The problem falls on both sides.
No, because the publisher is the one who makes
their problem, the end-user's problem.
If you’re providing money for something, you’ll need to get returns at a point. Devs commit to delivering a product at a particular time, with a particular quality treshold.
You can’t keep blaming the people who pay for everything when the guys crunching the actual work aren’t able to put in stuff that’s standard fare at this point.
They are paying for milestones across years of development, if there are intrinsic problems they should be able to see them coming miles off from release and adjust accordingly.

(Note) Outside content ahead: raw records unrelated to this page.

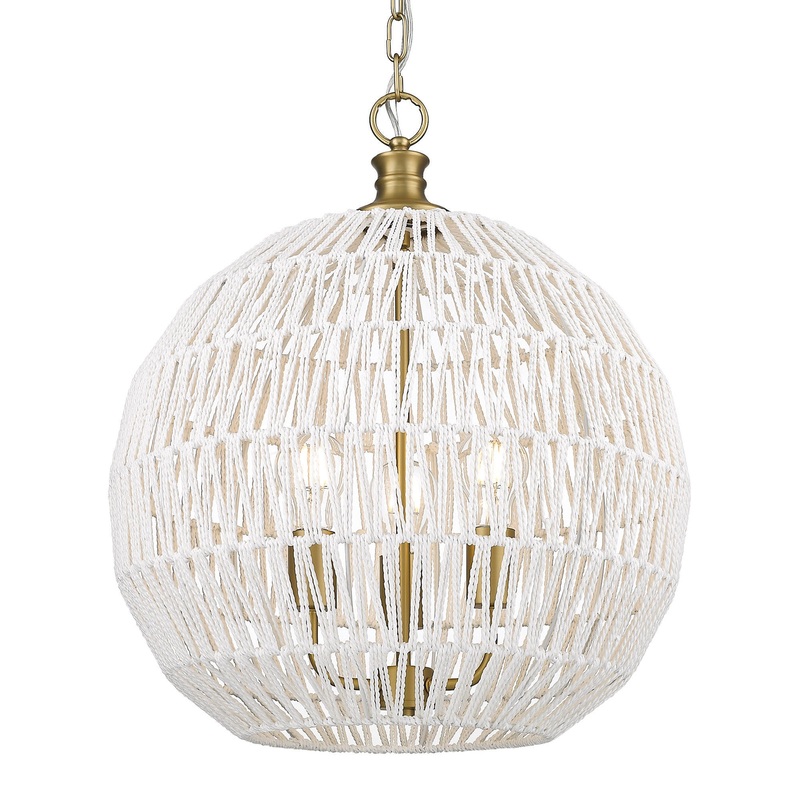 Florence 5-Light Pendant in Brushed Champagne Bronze and Bleached White Raphia Rope Shade
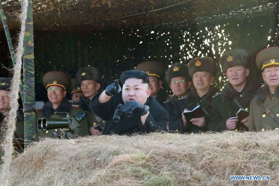 Photo provided by Korean Central News Agency (KCNA) on Jan. 31, 2015 shows top leader of the Democratic People's Republic of Korea (DPRK) Kim Jong Un (front) inspecting a drill of the Korean People's Army (KPA). The fighter airmen and combined submarine units successively carried out the drill. Kim Jong Un gave instructions for bolstering up the operation capabilities of the units of all services. He said that the DPRK is ready to counter any war including a war by conventional armed forces or a nuclear war. (Xinhua/KCNA)
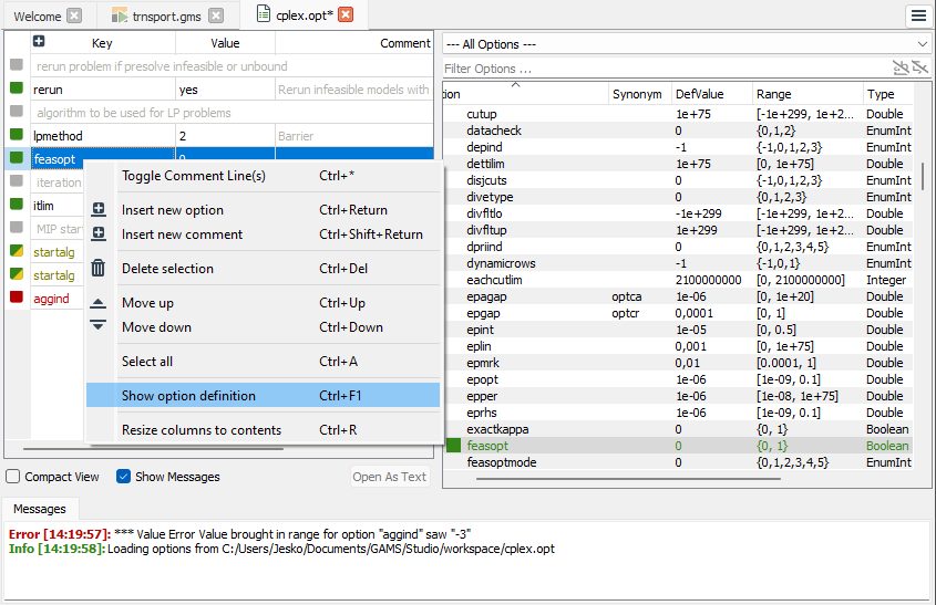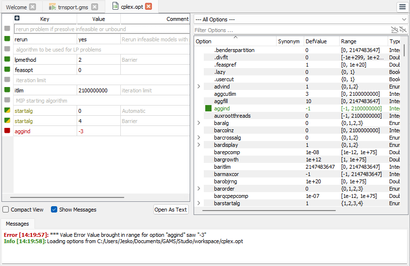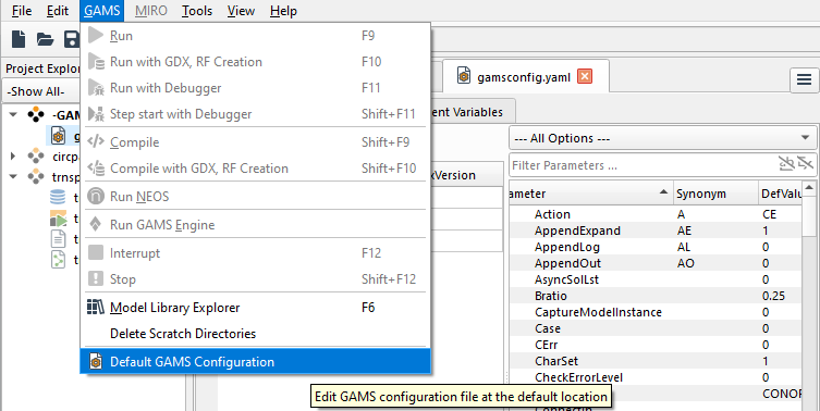 | - Set default options for the IDE only | - Interactive editor for the GAMS User Configuration |
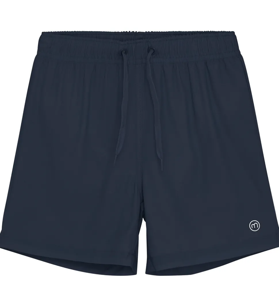 Funktionelle Minymo badeshorts i navy, med et logo på venstre lår. Materialet er ensfarvet og glat, hvilket skaber et enkelt og stilrent udtryk.
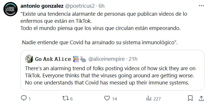 «Existe una tendencia alarmante de personas que publican videos de lo enfermos que están en TikTok. Todo el mundo piensa que los virus que circulan están empeorando. Nadie entiende que Covid ha arruinado su sistema inmunológico».
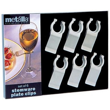 Stemware Plate Clips set of 6프로다인 스템웨어 플레이트 클립(SC-6)파티나 모임에서 접시에 끼운 후 와인잔 등의 스템웨어를 걸어 놓을 수 있는 클립입니다.클립 안쪽에 합성 고무가 붙어있어 접시에 끼우기 쉽습니다.사용시 접시와 글라스의 파손에 주의하여 주시기 바랍니다.■ 크기 : 6.5cm X 3 cm■ 수량 : 6개■ 소재 : 스테인레스 스틸(stainless steel), 합성 고무 외
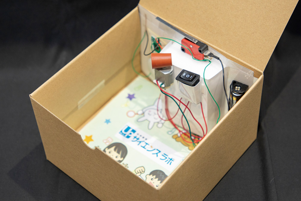 フタを開けると音楽が聞こえ出すオルゴール箱を作ります。スイッチを切り替えると、ビックリ箱にも変身します。スイッチを利用した楽しいものづくりです。
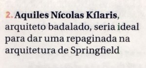 Sem-categoria Springfield Publicado por kilaris em fevereiro 24, 2008dezembro 7, 2017 Acima, o arquiteto Aquiles Nícolas Kílaris “Simpsonizado” pela coluna do jornal O Liberal, com muito bom humor! ir para o site www.arquitetoaquiles.com.br Compartilhe isso: Compartilhar no Facebook(abre em nova janela) Facebook Compartilhar no X(abre em nova janela) 18+ Curtir Carregando... Relacionado
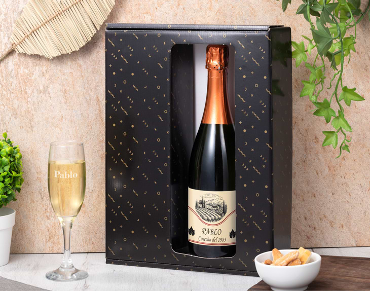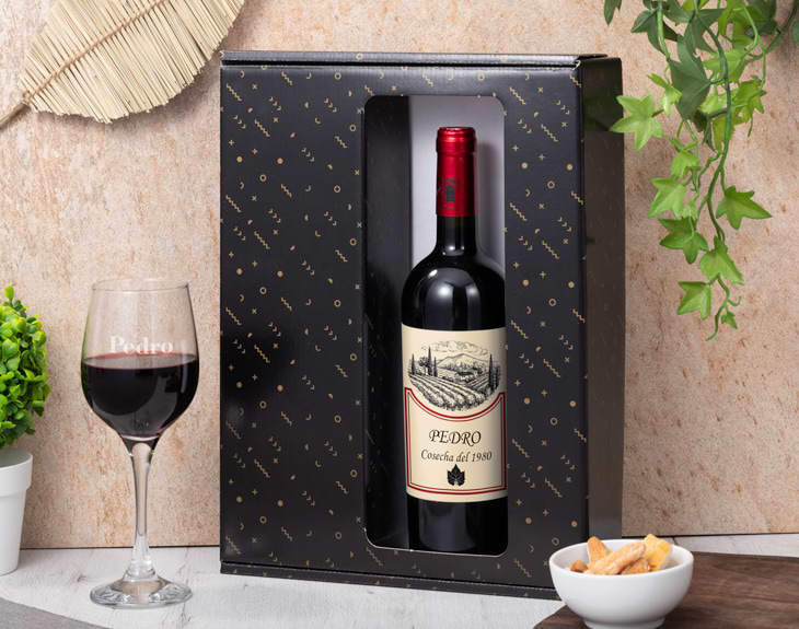 • Caja de cartón negra (27x36x7cm). • Botella de vino o de cava personalizada 750ml. • Copa de cristal de vino o de cava. • Tarjeta Recordatoria. IMPORTANTE: prohibida la venta de bebidas alcohólicas a menores de 18 años.

Not to mention that its not unusual for the original creative to constantly revised in accordance with publisher edicts based on their vision for what is marketable and profitable. The reason why "hands off" publishing is generally seen as preferable because if the publisher (typically represented by an external or executive producer put in place to hole the creative vision) starts flip-flopping and adding items to the schedule, it can and often does go badly.
Especially when the project has already had a year long delay.
If they spent that year continuing to publicly hype the product despite knowing that development was going badly, how is this excusable?
Blaming publishers is the popular thing, but as we’ve seen with the Scalebound case, it isn’t always correct.
I'm betting you don't know anything about the specifics of what happened with Scalebound, and certainly not both sides of the story, so please.
Blaming publishers is ALWAYS appropriate because they have perverse incentives (insofar as they can -and do- make a determination to cut their losses at all points from inception to publication) and are the ones with executive control.